Scientific classification
- Kingdom: Plantae
- Clade: Tracheophytes
- Clade: Angiosperms
- Clade: Eudicots
- Clade: Asterids
- Order: Asterales
- Family: Asteraceae
- Genus: Anisocarpus
- Species: A. scabridus
- Binomial name: Anisocarpus scabridus (Eastw.) B.G.Baldwin
- Synonyms: Raillardella scabrida Eastw.; Raillardiopsis scabrida (Eastw.) Rydb. ;

= Anisocarpus scabridus =

- Genus: Anisocarpus
- Species: scabridus
- Authority: (Eastw.) B.G.Baldwin
- Conservation status: G3
- Synonyms: Raillardella scabrida Eastw., Raillardiopsis scabrida (Eastw.) Rydb.

Species of flowering plant

Anisocarpus scabridus, the leafy raillardiopsis, is a North American species of flowering plants in the family Asteraceae.

==Distribution==
It is found only in northwestern California, primarily in scree slopes at relatively high elevations in the Coast Ranges of Humboldt, Mendocino, Trinity, Lake, Tehama, and Colusa Counties.
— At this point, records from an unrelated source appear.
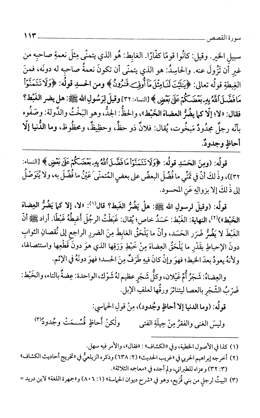 قولُه: (ومِنَ الحَسَدِ قولُه: {وَلاَ تَتَمَنَّوْا مَا فَضَّلَ اللهُ بِهِ بَعْضَكُمْ عَلَى بَعْضٍ} [النساء: 32])، وذلكَ أنّ تَمَنِّي ما فُضِّلَ البعضُ على بعضٍ المُتمنّي عَيْنُ ما فُضِّلَ به، ولا يُتَوَصّلُ إلى ذلكَ إلا بزوالِهِ عَنِ المحسود.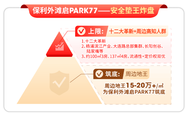 而保利外滩启PARK77成功破解了置业痛点,成为当之无愧“市中心安全垫王炸新盘”: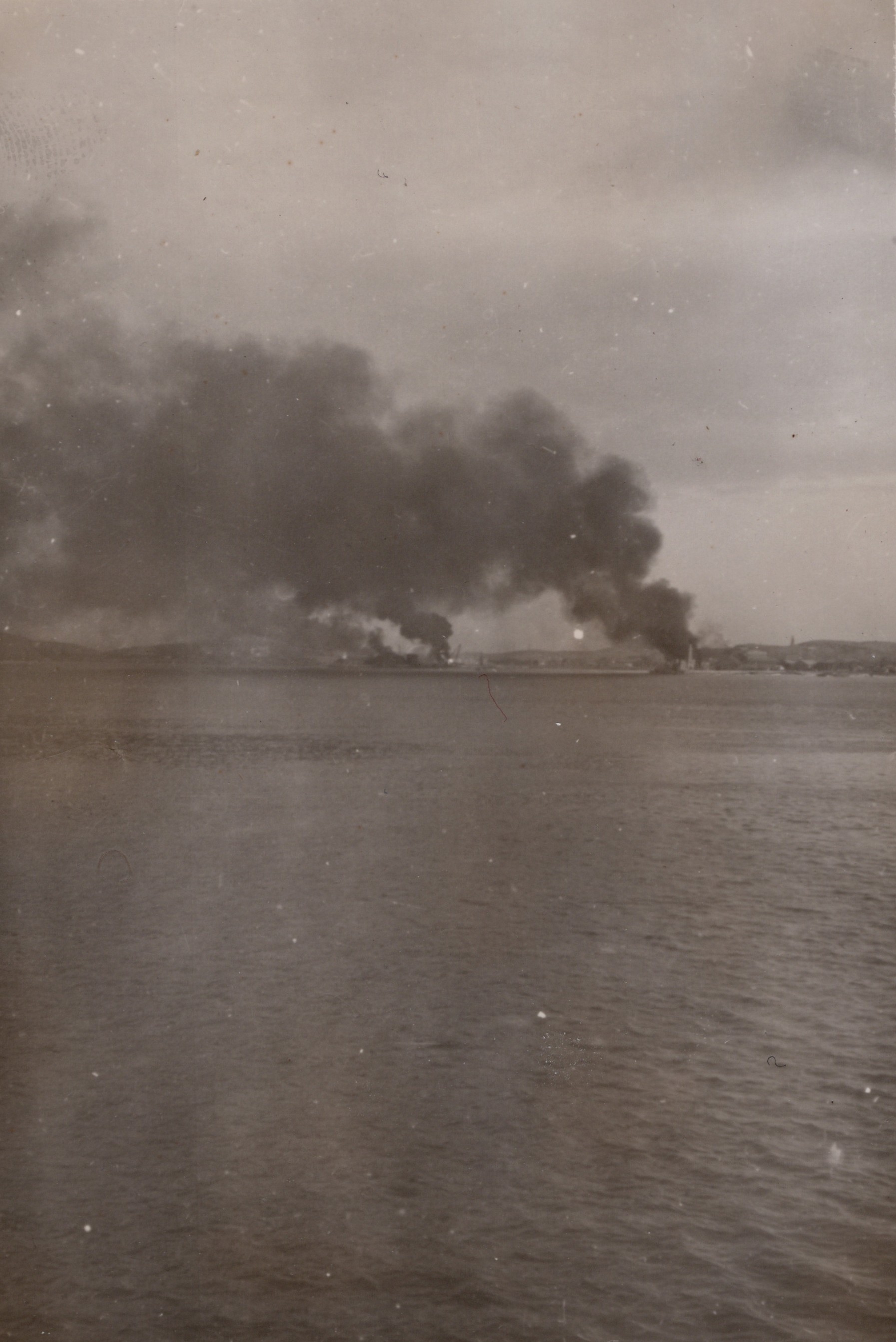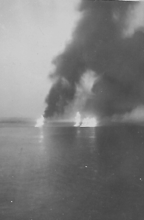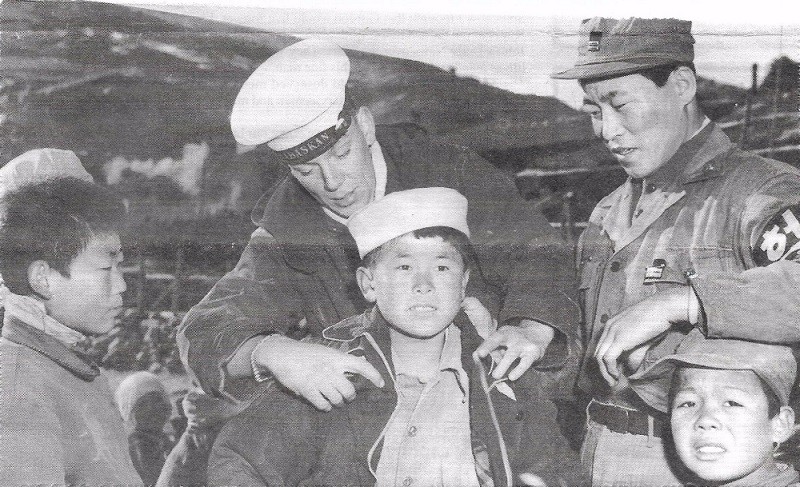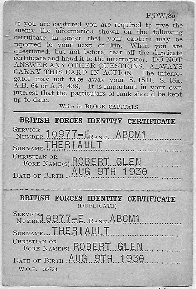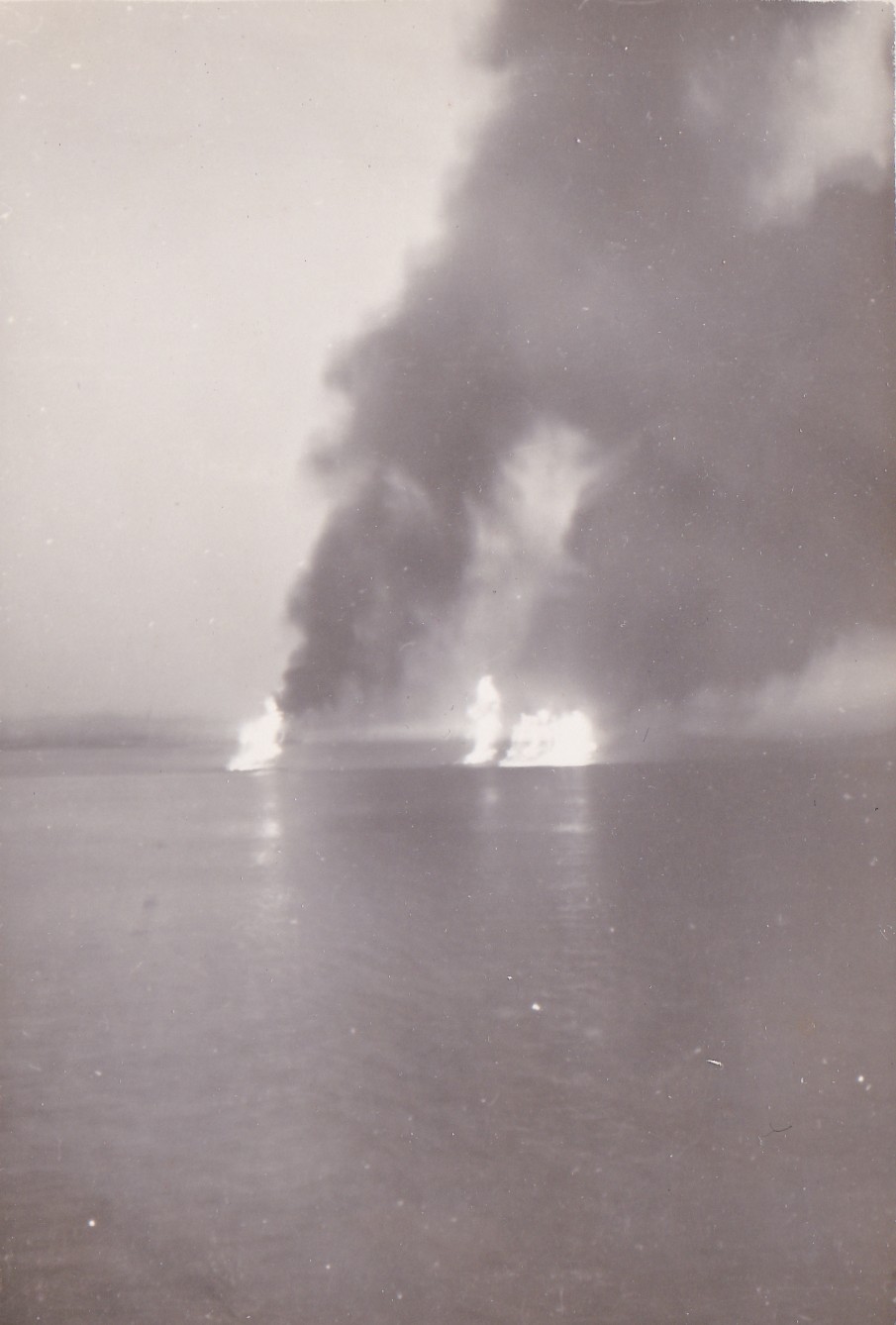 (BT048) HMCS CAYUGA off Korea - 1950 (BT049) Write-up on the withdrawal from Chinnampho, Korea (BT050) Fires set by CAYUGA gunfire - Chinnampho, Korea (BT051) British Forces Identity Certificate with instructions on what to do if captured (BT052) HMCS ATHABASKAN sailor with Korean children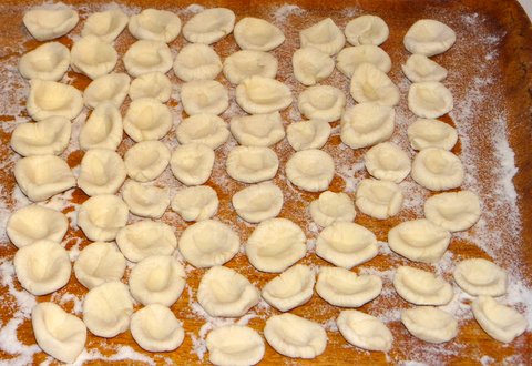 The ‘official’ way to make gnocchi by hand is by making a complicated movement with a rounded knife. Italian women learn this kind of thing from a young age from their (grand)mother, when all the women gather around a table in the kitchen to make pasta by hand. I used my thumb which is easier, but if you want you can try doing it the official way. This video shows you how. The video is not called “gesti dimenticati” (forgotten gestures) for nothing, since not many people still make orechiette this way. I love that you can tell that many orecchiette must have been made on this very table.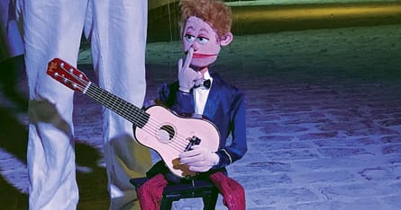 Marionetdukken Mr. Barti er en dygtig musiker – og en endnu bedre performer! Han kan spille, synge og danse, og tryllebinder sit publikum, som han elsker at pjatte og flirte med. Dukkefører Alex Mihajlovski holder styr på flere end 40 strenge, selvom den habitklædte charmetrold vist hellere vil klare det hele selv. Der er nemlig ingen bånd, der skal binde ham!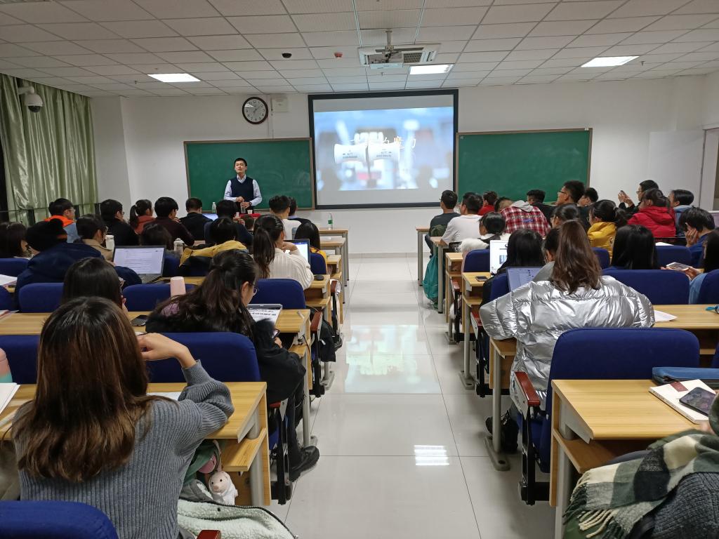 讲座伊始,杨机长播放了一段震撼的飞机飞行视频。随后,他结合自己成为机长的经历展开讲座。杨机长从飞机类别、飞机构造、飞行环境、工作环境四个方面分别进行了详细介绍并为同学们一一说明了导航系统、液压系统、指示灯系统、增压系统,各仪表和记录器等的功能。此外,杨机长还对飞机在大气压力不平常、恶劣天气等环境中飞行的注意事项以及相关技术措施进行了介绍,并对航空限流导致航班延误、824空难、鸟击事件等进行相关解读。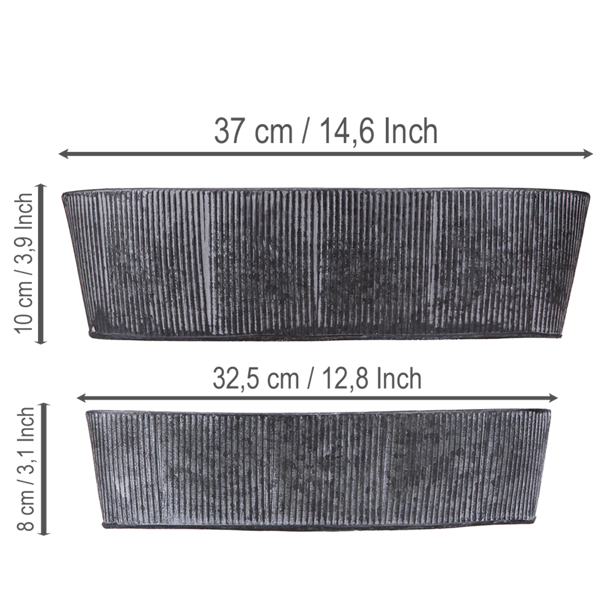 Den ovale skål lavet af metal og sort kombinerer stilfuld elegance med en charmerende vintage æstetik, der vil forbedre dit hjem. Hvad enten det er som en iøjnefaldende dekorativ skål, som en nostalgisk borddekoration eller som en rustik blomsterskål – dette sæt med to stabelbare metalskåle åbner op for adskillige kreative muligheder. Det elegante farveskema i sort, vasket gråt samt det fine rilledesign harmonerer perfekt med enhver shabby chic eller industriel stil. Brug skålene som planteskåle og tilføj et grønt highlight med stueplanter eller krydderurter. Den mindre er perfekt til stilfuld nøgleopbevaring eller til sukkulenter.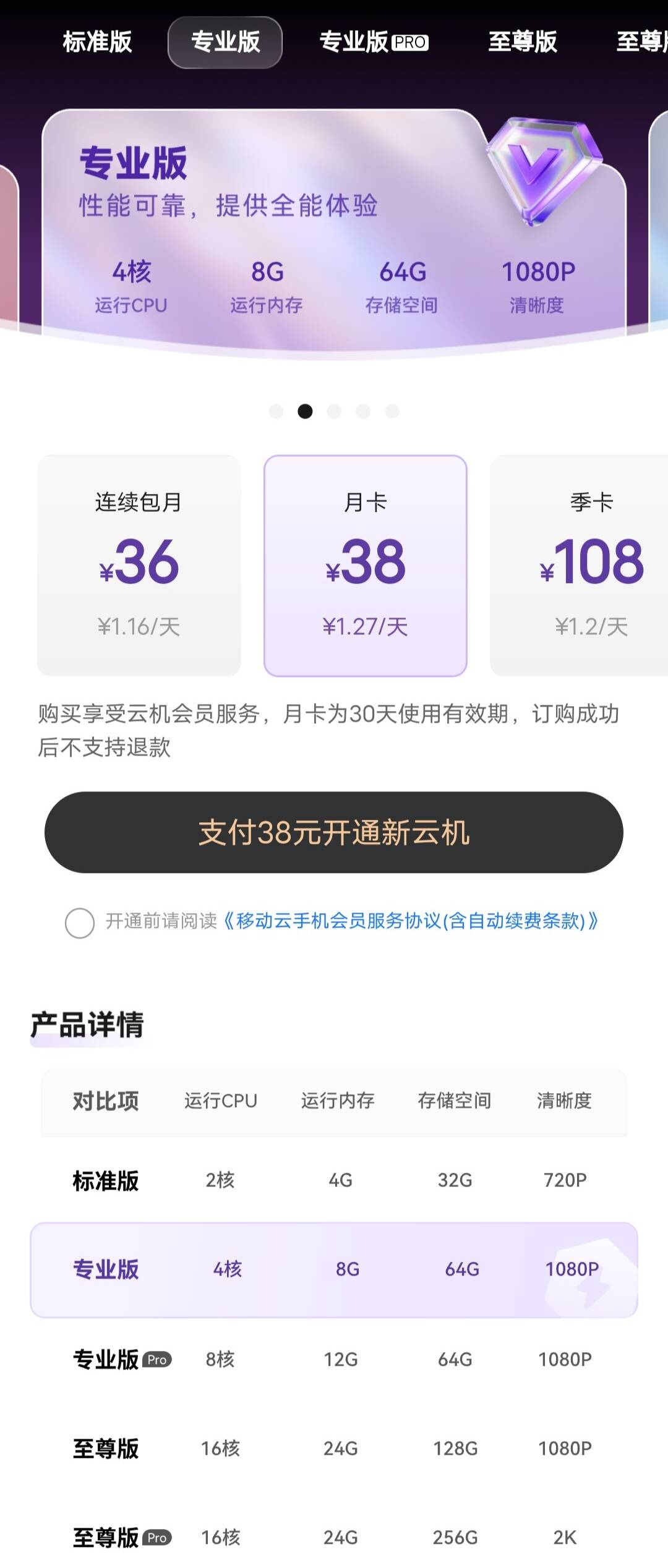 移动云手机:移动的,听着名头挺大,4核处理器、8G运存居然要38元一月。处理器明显是大短板,稍微大点儿的游戏都带不动,会不会卡顿更是不必猜了,我真想不明白它怎么敢标这么高的价。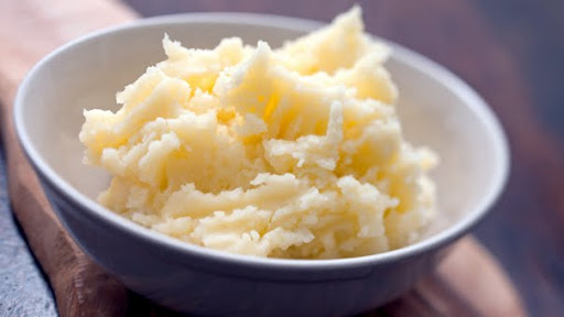 2. In a large pot, add the potatoes and cover amply with cold water. Bring the water up to a boil and reduce to a simmer. Add a generous pinch of salt to the water and allow the potatoes to cook until tender when pierced with the tip of a knife, 15-20 minutes. Pour the water and potatoes into a colander placed in the sink to drain off all of the water. Return the same pot to the heat and add the milk. Bring the milk to a simmer and gingerly add the potatoes back into the pot. Season with salt to taste and whisk in the stick of butter. Whisk until all of the ingredients meld together. Taste for seasoning. Remove from the heat.

There are also a few isolated populations in the southern Cascades of northern Shasta County.

==Description==
Anisocarpus scabridus is a small plant rarely more than 2 inches (5 cm) high. It has blue-green leaves and flower heads containing both ray florets and disc florets.

The plant is quite different in ecology and appearance from the only other species in the genus, A. madioides. The two were classified in different genera for many years until molecular and anatomical studies in the 1990s demonstrated their close relationship.